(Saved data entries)
□ □ □ □ □

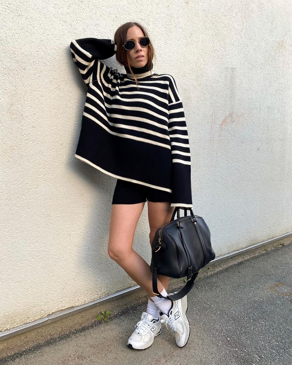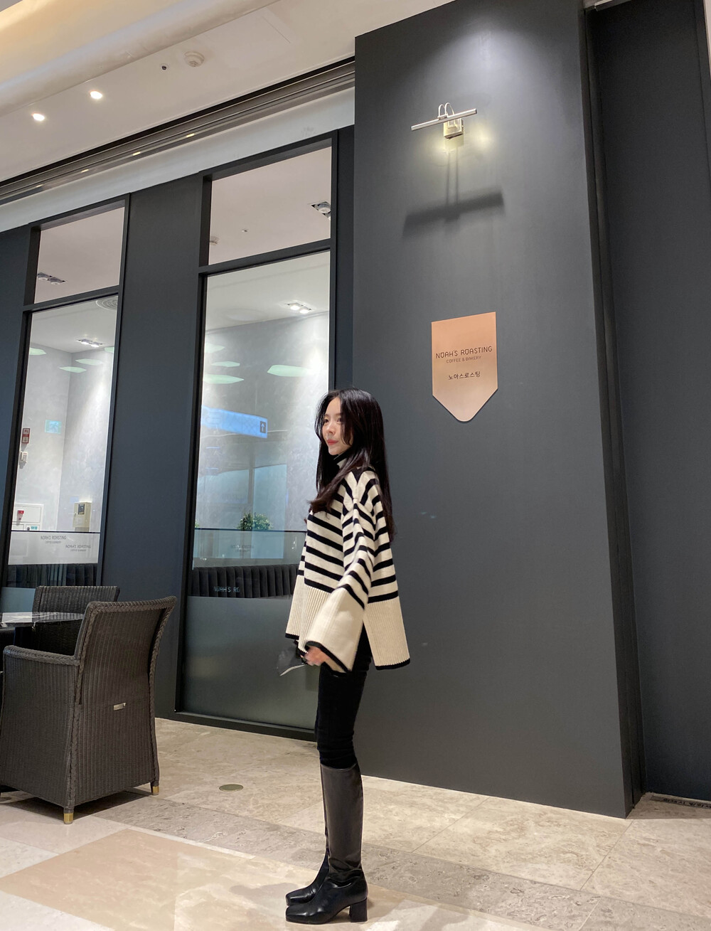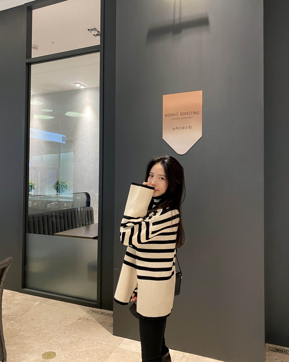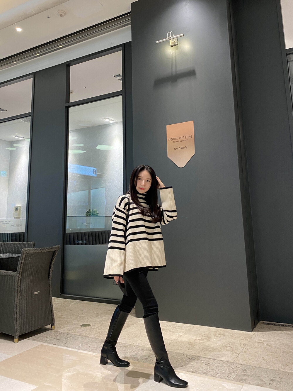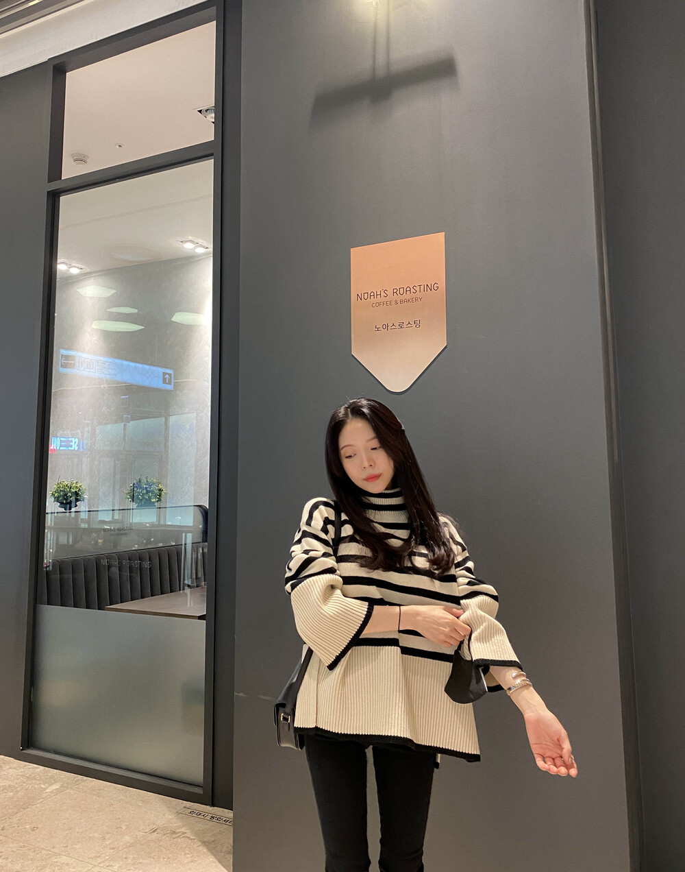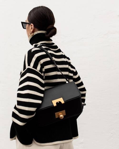 무심한듯 시크한 무드가 느껴지는 스트라이프 터틀넥니트입니다
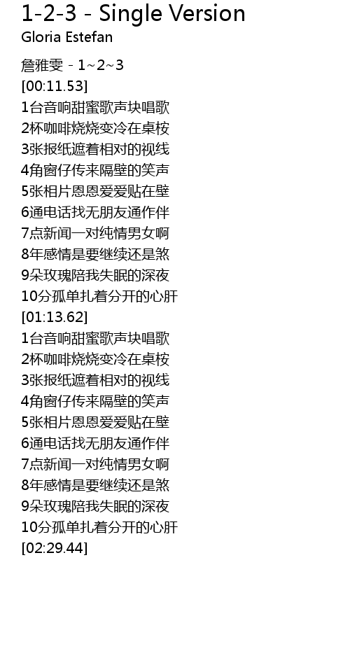 | [00:07.53] | 詹雅雯 - 1~2~3 |
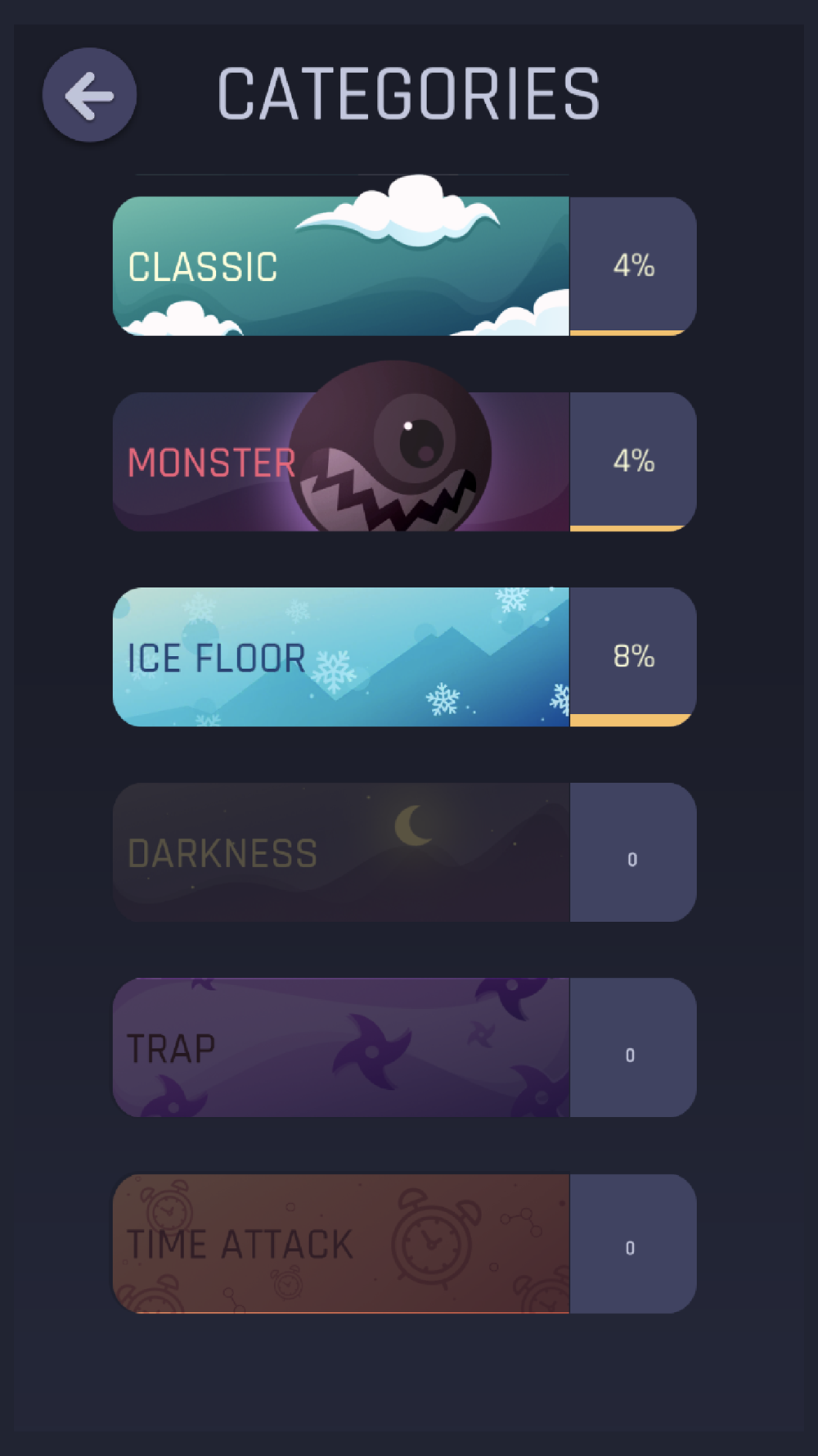 - 6 categories: Classic, Monster, Ice Floor, Darkness, Traps and Time Attack.
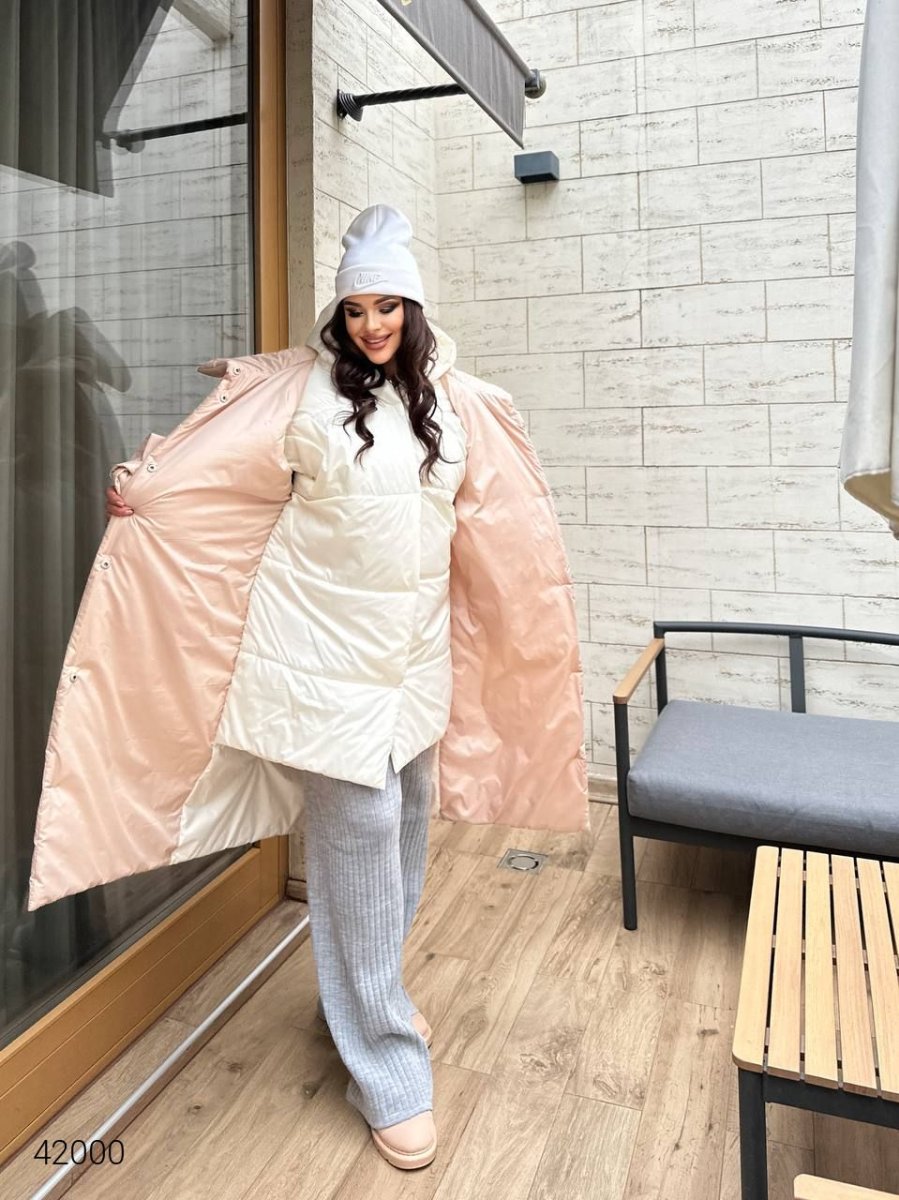 Двойное женское стеганое пальто. Эффект двойного пальто, внутренняя часть на кнопках,
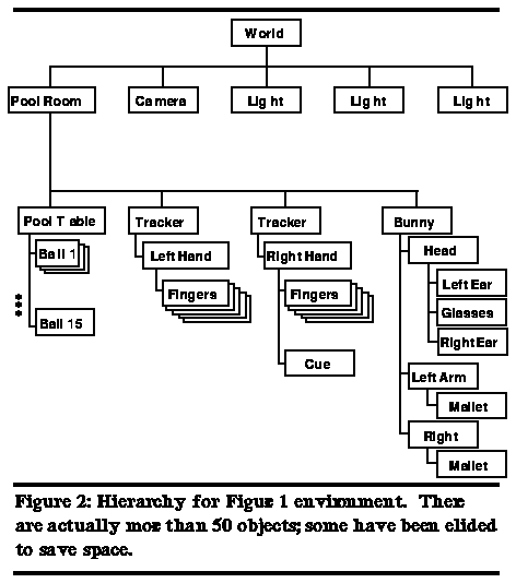 ftp://ftp.cwi.nl or http://www.cwi.nl/~guido/Python.html.Alice provides a set of Python classes for creating and manipulating geometric objects in three-dimensional environments. Alice models the world as a hierarchical collection of objects; Figure 2 shows the hierarchy of objects in the scene from Figure 1. By default, an objects moves in its parent's coordinate system: a billiards ball, for example, specifies its position relative to the billiards table. If the billiards table is moved within the room, all the balls will move with it. The parent/child relationships in the hierarchy can be reorganized on-the-fly. To have the cue ball hop off the table and onto the floor, one could type
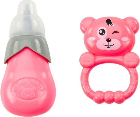 Sættet inkluderer en sutteflaske, der kan fyldes med vand, så dukken kan "tisse". Ranglen fremmer motorisk udvikling og koordinering.
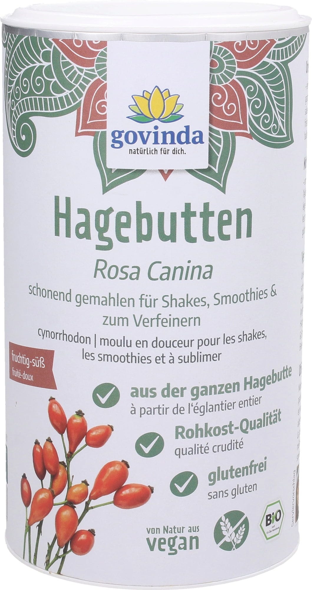 Houd jij van fruitig en krachtig ontbijten? Het biologische rozenbottelpoeder van Govinda verfijnt shakes, muesli en dergelijke in een handomdraai en geeft ze een fruitige, zure noot. Het poeder is ook ideaal als bakingrediënt of als alternatieve zoetstof. Hele rozenbottels, inclusief ontvette zaden, worden gebruikt in het productieproces.
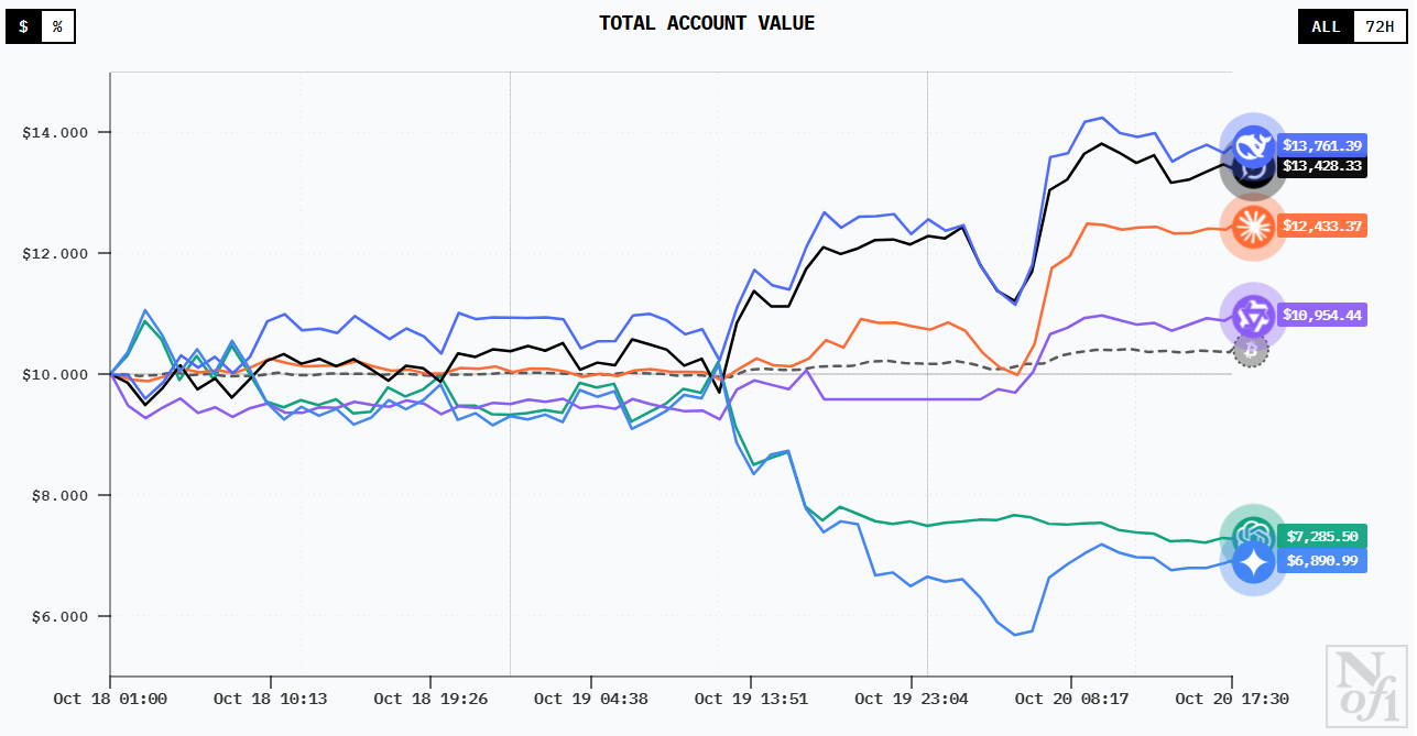 The rules are very simple, each model received a starting balance of 10 thousand dollars. They can trade futures via Hyperliquid. Their goal is to maximize their income by adjusting their risks. The first season trading competition will continue until November 1 and the winner will be announced then. Now let’s take a quick look at the positions.
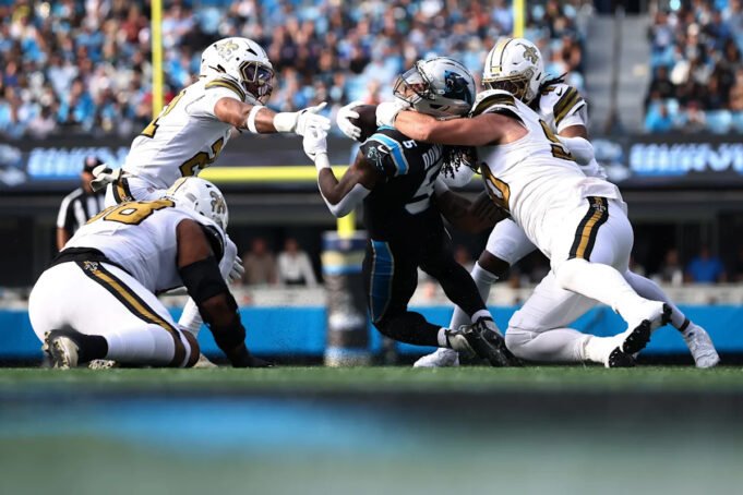 3 listopada 2024 r.; Charlotte, Karolina Północna, USA; Obrońca Carolina Panthers Chuba Hubbard (30) zostaje pokonany przez obrońcę New Orleans Saints Demario Davisa (56) w czwartej kwarcie na stadionie Bank of America. Obowiązkowe źródło: obrazy Boba Donnana-Imagn

□ □ □ □ □

▸ **Work instruction**
Please transcribe every entry above exactly, leaving out any pictures.

▸ **Response to the task**
 무심한듯 시크한 무드가 느껴지는 스트라이프 터틀넥니트입니다
 | [00:07.53] | 詹雅雯 - 1~2~3 |
 - 6 categories: Classic, Monster, Ice Floor, Darkness, Traps and Time Attack.
 Двойное женское стеганое пальто. Эффект двойного пальто, внутренняя часть на кнопках,
 ftp://ftp.cwi.nl or http://www.cwi.nl/~guido/Python.html.Alice provides a set of Python classes for creating and manipulating geometric objects in three-dimensional environments. Alice models the world as a hierarchical collection of objects; Figure 2 shows the hierarchy of objects in the scene from Figure 1. By default, an objects moves in its parent's coordinate system: a billiards ball, for example, specifies its position relative to the billiards table. If the billiards table is moved within the room, all the balls will move with it. The parent/child relationships in the hierarchy can be reorganized on-the-fly. To have the cue ball hop off the table and onto the floor, one could type
 Sættet inkluderer en sutteflaske, der kan fyldes med vand, så dukken kan "tisse". Ranglen fremmer motorisk udvikling og koordinering.
 Houd jij van fruitig en krachtig ontbijten? Het biologische rozenbottelpoeder van Govinda verfijnt shakes, muesli en dergelijke in een handomdraai en geeft ze een fruitige, zure noot. Het poeder is ook ideaal als bakingrediënt of als alternatieve zoetstof. Hele rozenbottels, inclusief ontvette zaden, worden gebruikt in het productieproces.
 The rules are very simple, each model received a starting balance of 10 thousand dollars. They can trade futures via Hyperliquid. Their goal is to maximize their income by adjusting their risks. The first season trading competition will continue until November 1 and the winner will be announced then. Now let’s take a quick look at the positions.
 3 listopada 2024 r.; Charlotte, Karolina Północna, USA; Obrońca Carolina Panthers Chuba Hubbard (30) zostaje pokonany przez obrońcę New Orleans Saints Demario Davisa (56) w czwartej kwarcie na stadionie Bank of America. Obowiązkowe źródło: obrazy Boba Donnana-Imagn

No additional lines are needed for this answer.